Imported Diesel Favoured in Korea

Seoul (16 September 2013) - Korean car manufacturers vice-like grip on the Korean car market is being shaken with recent imports of fore...


Seoul (16 September 2013) - Korean car manufacturers vice-like grip on the Korean car market is being shaken with recent imports of foreign made diesel vehicles, which are proving simply irresistible to the Korean public. Although the number of imported cars will only be about 15% by the end of the year, 60% of these will be diesel vehicles with the most popular being the BMW 520d, a car actually favoured by BBC TV’s Top Gear programme.

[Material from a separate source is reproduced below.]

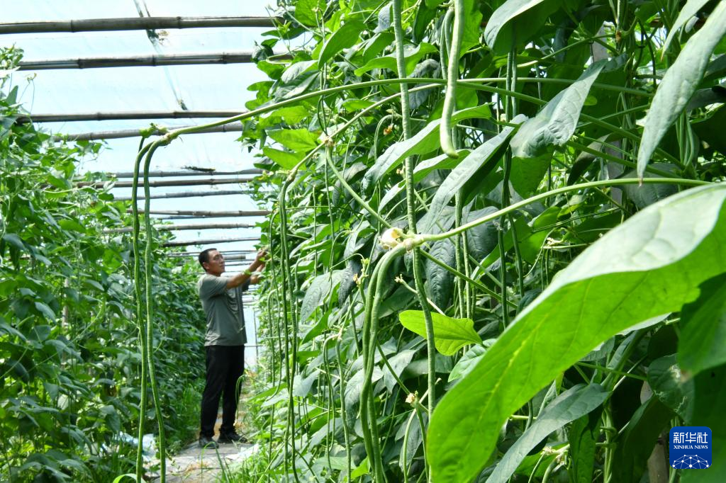 6月3日,农民在河北省盐山县盐山镇一处果蔬种植棚内打理种植的豆角。

The Korean Automobile Importers and Distributors Association claim that 7 out of 10 of the top selling vehicles last year were diesel powered. The diesel car market is now seen to be expanding rapidly and is mainly led by foreign brands.

To counter the market trend, Korean manufacturers are rapidly adding diesel variants to their line-up. Hyundai has recently launched the upgraded Avante compact sedan with a diesel variant. The all-new diesel powered Avante is drawing attention as its launch is seen as an effort to be taken seriously as a provider of diesel powered vehicles. The car is said to deliver a 16.2 kilometres per litre fuel economy figure. Hyundai are also said to be planning diesel versions of their Sonata and Grandeur models.
The all new Hyundai Avante Diesel



Diesel vehicles rule supreme in Europe where over 50% of new cars registered are diesel. The primary reason for this is the lower cost per kilometre travelled. However, it hasn’t always been good news for diesel vehicles; early diesel passenger vehicles used to be equated more with farm vehicles than luxury cars and earned themselves the nick name of “oil-burners”. Recently many European brands have been trying to change that mindset in the USA where diesel passenger vehicles, much like in Korea, are still rare. Volkswagen, in particular, has gone as far as trying to persuade the EPA to change the way it calculates the combined fuel rating to reflect more “real-world driving”. At present, the fuel rating is 55% city driving and 45% highway driving, a ratio that VW executives claim does not reflect current driving habits.